In the last 2 previous (HDP 2.6.3 and 2.6.4) versions are working fine, without any problem.
Taking a look to the release notes (https://docs.hortonworks.com/HDPDocuments/HDP2/HDP-2.6.5/bk_release-notes/content/new_features.html) KAFKA is a new version and there are some patch fixes.
KafkaThis release provides Kafka 1.0.0 and the following Apache patches.
HDP 2.6.4 provided Kafka 0.10.1 with no additional Apache patches. HDP 2.6.3 provided Kafka 0.10.1 and the following Apache patches:
HDP 2.6.2 provided Kafka 0.10.1 with no additional Apache patches. HDP 2.6.1 provided Kafka 0.10.1 with no additional Apache patches. HDP 2.6.0 provided Kafka 0.10.1 with no additional Apache patches. |
Please guys If do you have some thoughts I'll appreciate.
Kennon
Created 06-05-2018 04:08 PM
1. Did you check the "describe" command for each topic? it matches with the brokers ids registered in zookeeper and meta.properties file?
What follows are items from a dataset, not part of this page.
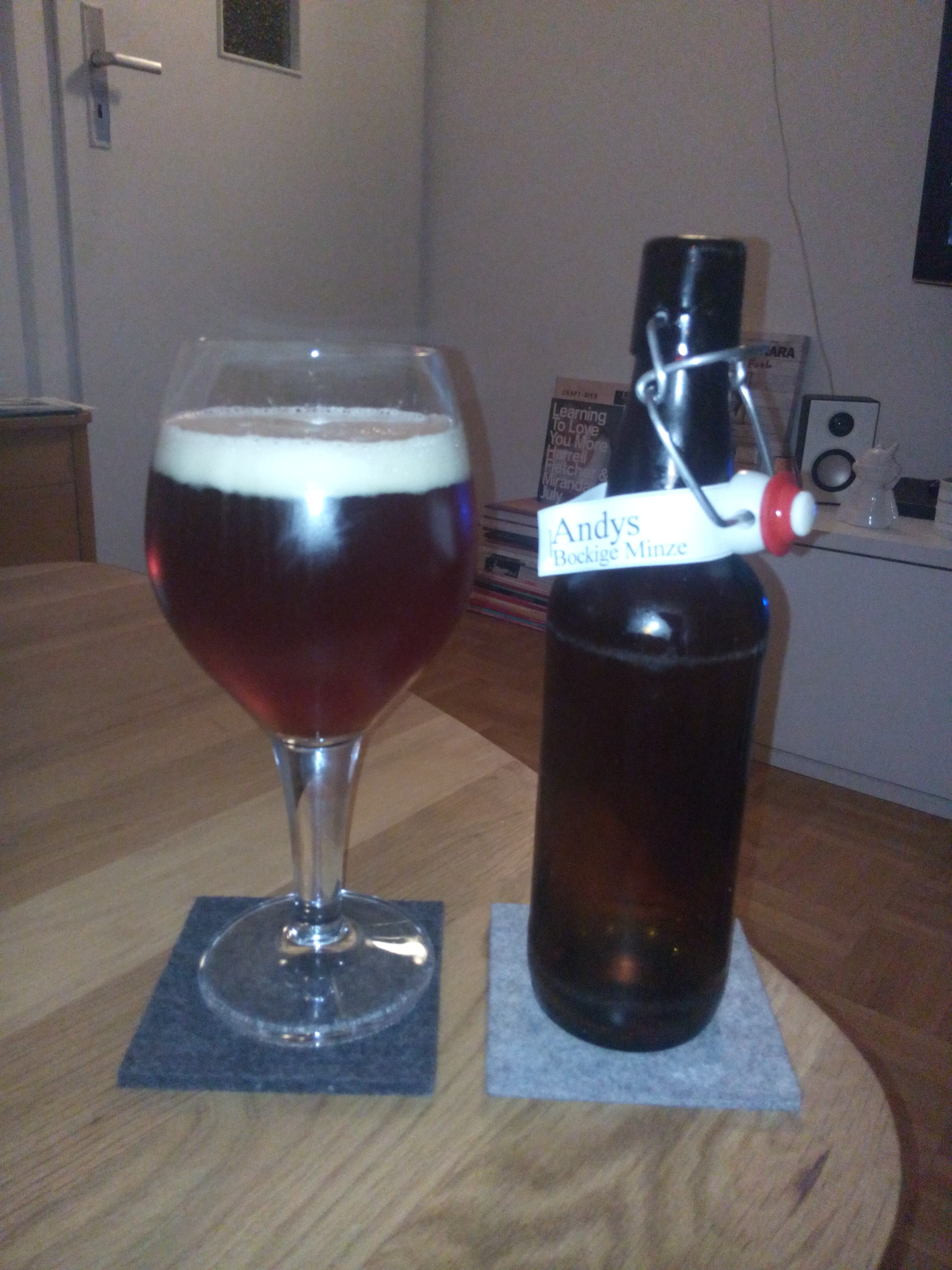 Andys (Brauling) Bockige Minze. Andy war so nett und hat mir bei Camba eine Flasche seines edlen Gebräus mit auf den Weg gegeben und ich hatte gestern endlich die Muße, mich darüber herzumachen. Mir fehlen sowohl die Feinjustierung von Zunge und Nase als auch das Vokabular, um einen umfangreichen Verkostungsbericht abzuliefern, aber kurz und knapp: das Zeuch ist lecker! Mit dem Platz am Fuße des Treppchens hast Du ja auch schon die Bestätigung der Camba-Juroren und -Jurorinnen bekommen, und die sollten sich ja auskennen:). Insgesamt einfach ne runde Sache: Farbe, Schaum, Karbonisierung, Mundgefühl, alles so wie es sein sollte. Und on top immer der leichte, aber schön wahrnehmbare Duft und Geschmack nach Minze. Nach meinem Geschmack hast Du die Dosierung perfekt getroffen, nicht zu viel und nicht zu wenig (ich hoffe, das kann ich in ein paar Wochen auch von meinem Weihnachtsgewürzbier behaupten).
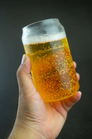 Hand holding up a glass of cold beer on black background
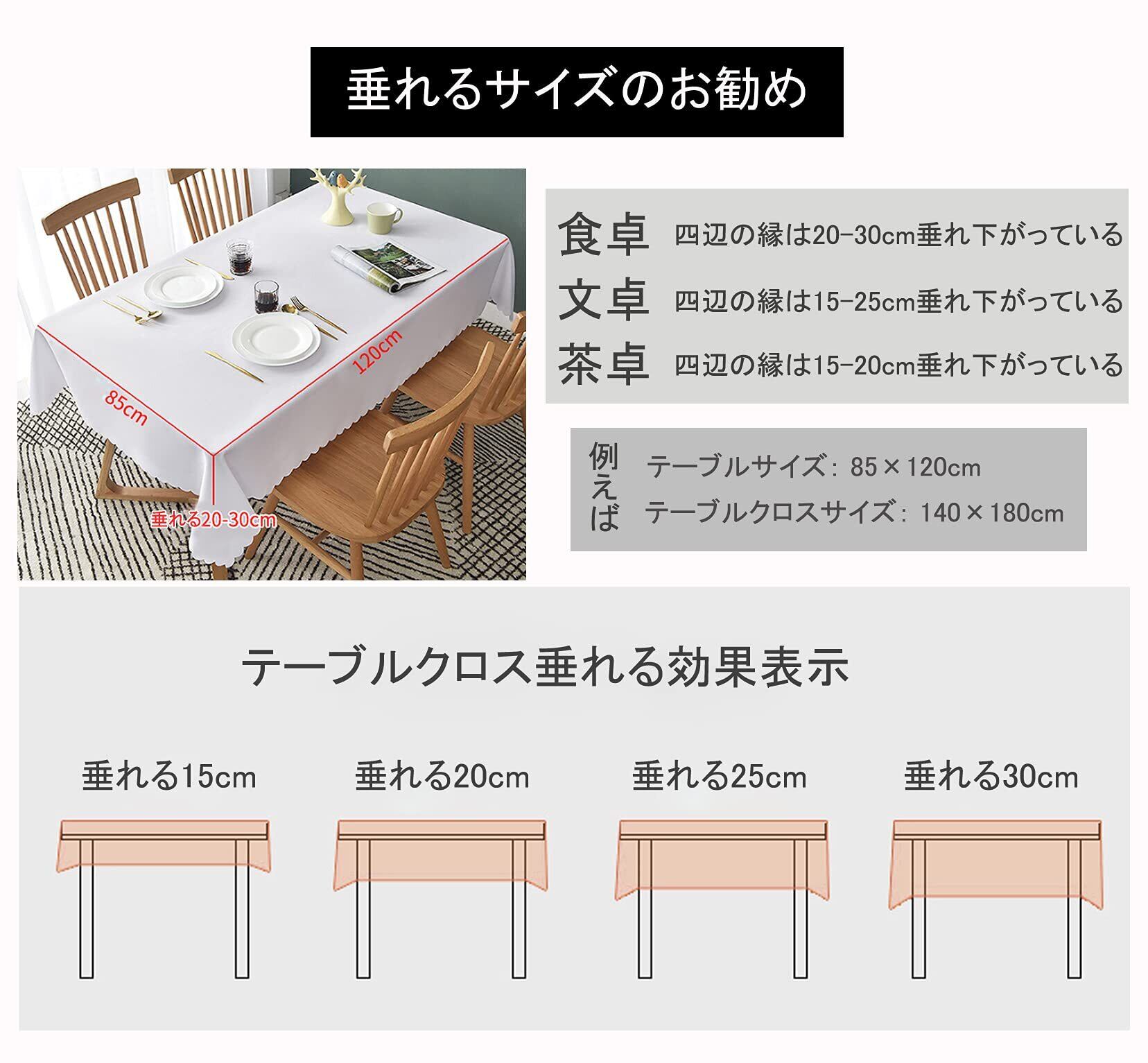 Forhomelife テーブルクロス 白 無地 テーブルカバー シンプル 長方形 135×180cm 洗える ウォッシャブル 洗濯可 速乾 ホワイト 厚手 耐熱

2. Add --new-consumer to the command and try again
Created 06-06-2018 09:55 AM
Hi @mrodriguez,
Firstly thank you for your prompt reply.
Yes, I checked before and I just run the command to show you below. In this case I have 3 brokers. I also tested with only 1 broker and I have the same problem.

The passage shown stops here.